The theorem is simply stating that the function \begin{align*} \varphi(x) &= \begin{cases} \frac{f(x) - f(a)}{x - a} & \text{if}\;x\not = a; \\ f'(a) & \text{if}\;x = a \end{cases} \end{align*} is continuous. And it clearly is; the only point to check is $x = a$, and the condition $\lim_{x\to a} \varphi(x) = \varphi(a)$ is exactly the definition of $f'(a)$. The theorem is not claiming that $f = \varphi$ everywhere on $I$.

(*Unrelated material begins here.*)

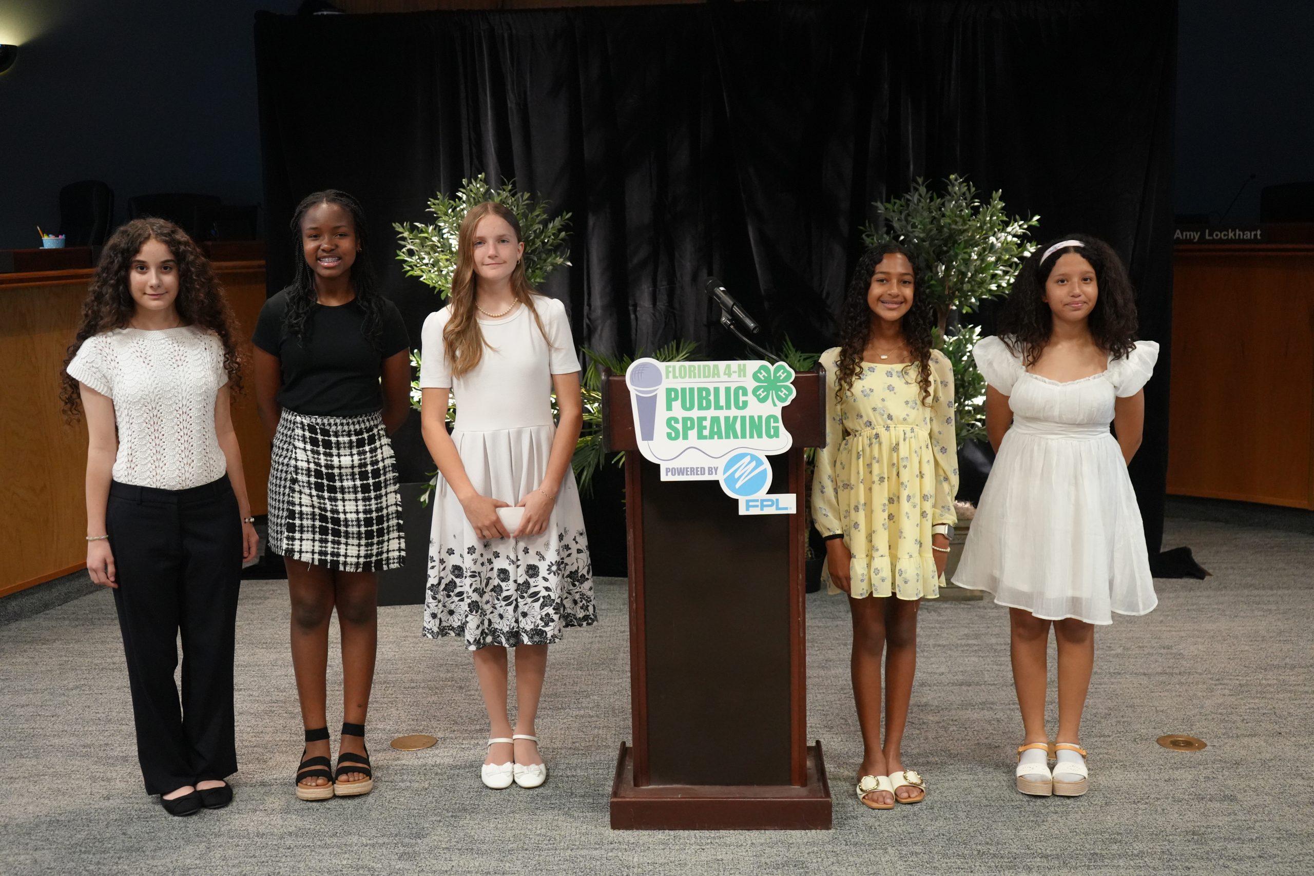 On May 5, 2025, the Seminole County Board of County Commissioners Chambers echoed with the confident voices of local sixth graders as they took center stage in the Florida 4-H Public Speaking Competition. Sponsored by Florida Power and Light (FPL), this countywide event celebrated the hard work and courage of young speakers from schools across Seminole County.
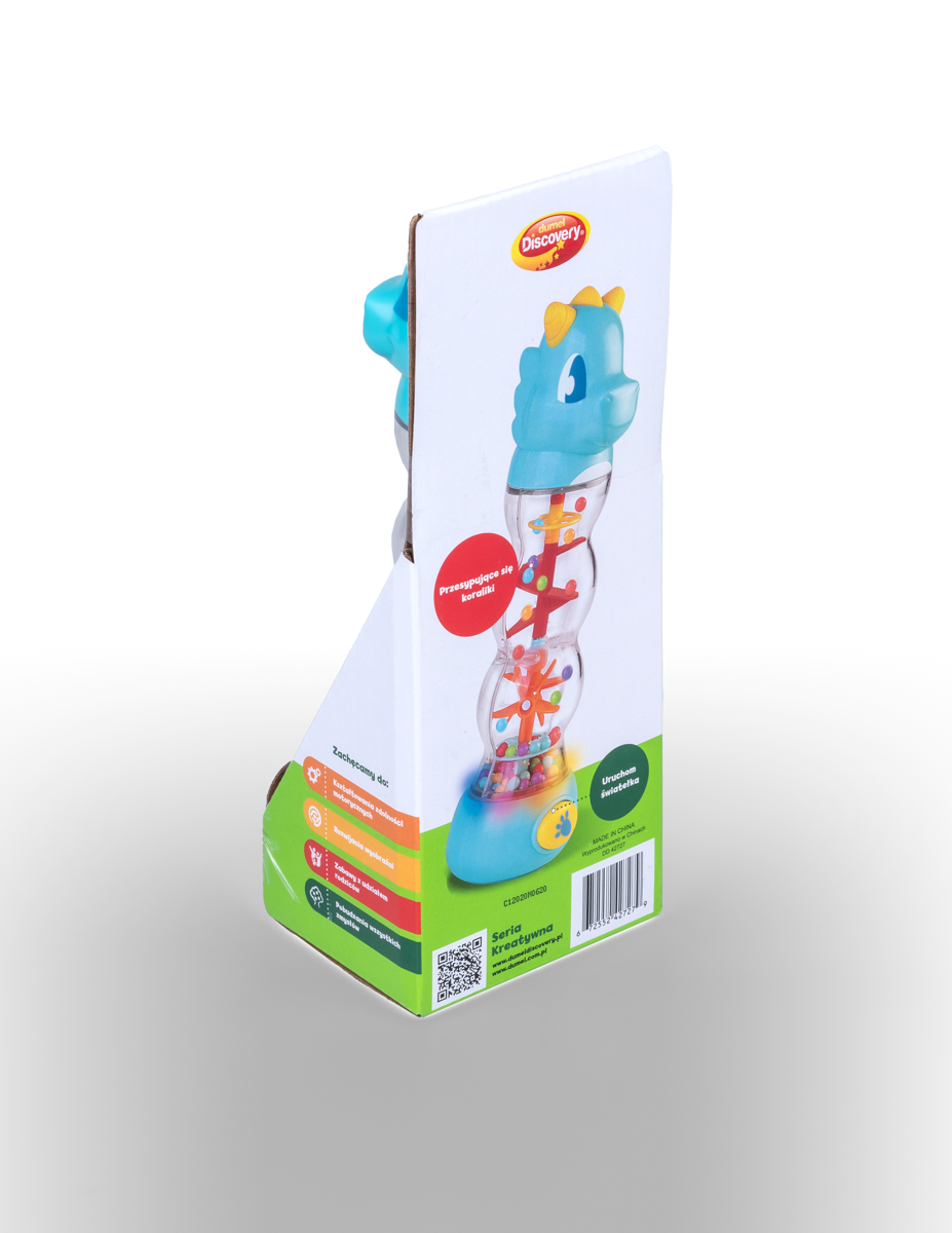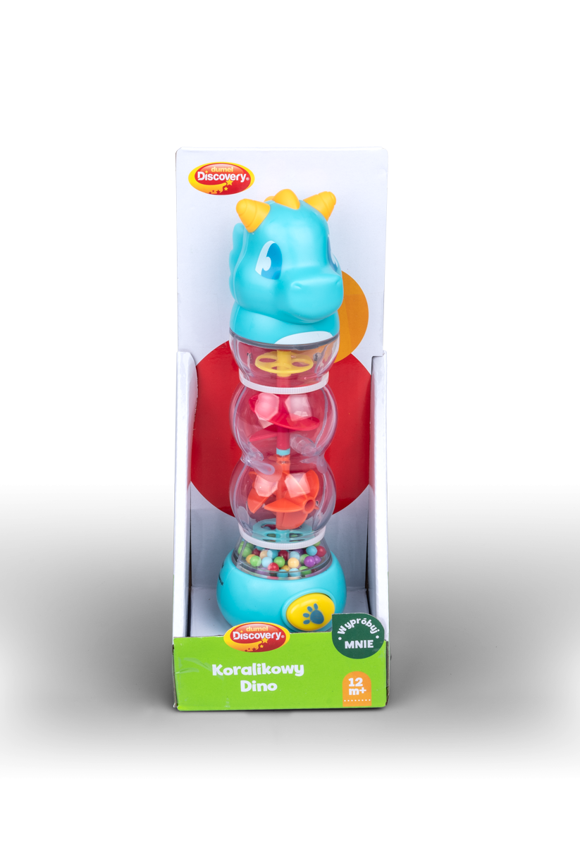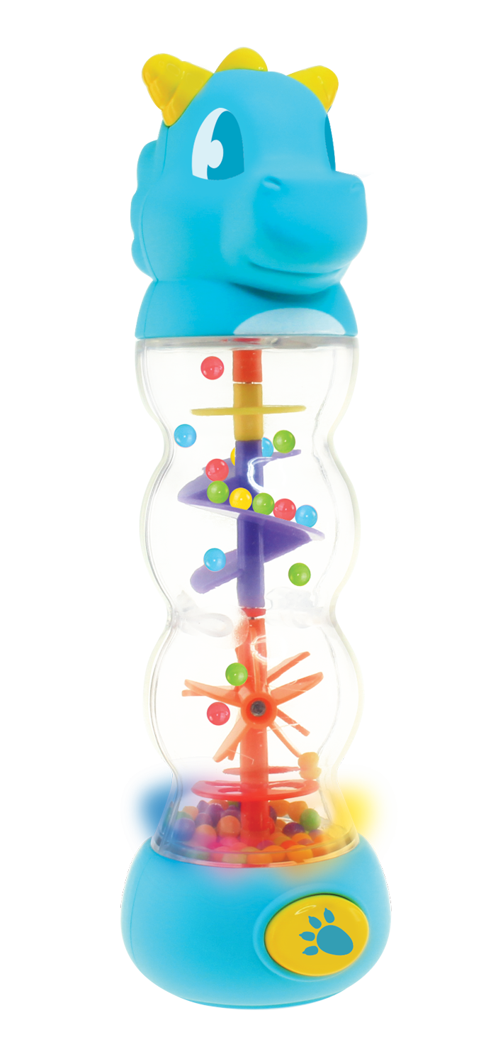 Dźwięk deszczu w zasięgu rączki Twojego Malucha! Tez zabawny dinozaur, kryje w swym brzuszku kolorowe koraliki, które przy potrząsaniu zabawką wesoło grzechoczą. Umieszczony w podstawie guziczek uruchamia kolorowe światełka, które uatrakcyjnią zabawę.

One of the classic examples of a differentiable function $f$ with $f'$ not continuous is $f(x) = x^2\sin (1/x)$ (with $f(x) = 0$). The derivative \begin{align*} f'(x) &= \begin{cases} 2x \sin (1/x) - \cos (1/x) & \text{if}\; x \not = 0; \\ 0 & \text{if}\; x = 0 \end{cases} \end{align*} exists everywhere, but it is not continuous at $0$.

The point is that $\varphi$ is not $f'$. They just coincide in one point, and it is easy to see that two functions coinciding in one point entails nothing about some relationship of differentiability/continuity etc between one another.

The theorem states that $\varphi(a)=f'(a)$ for this particular value of $a$. It doesn't say that $\varphi(x)=f'(x)$ for all $x$, or indeed for any value of $x$ besides the single value $x=a$. So the fact that $\varphi$ is continuous at $a$ doesn't tell you that $f'$ is continuous at $a$, since continuity depends on the values of the function at points near $a$, not just at $a$ itself.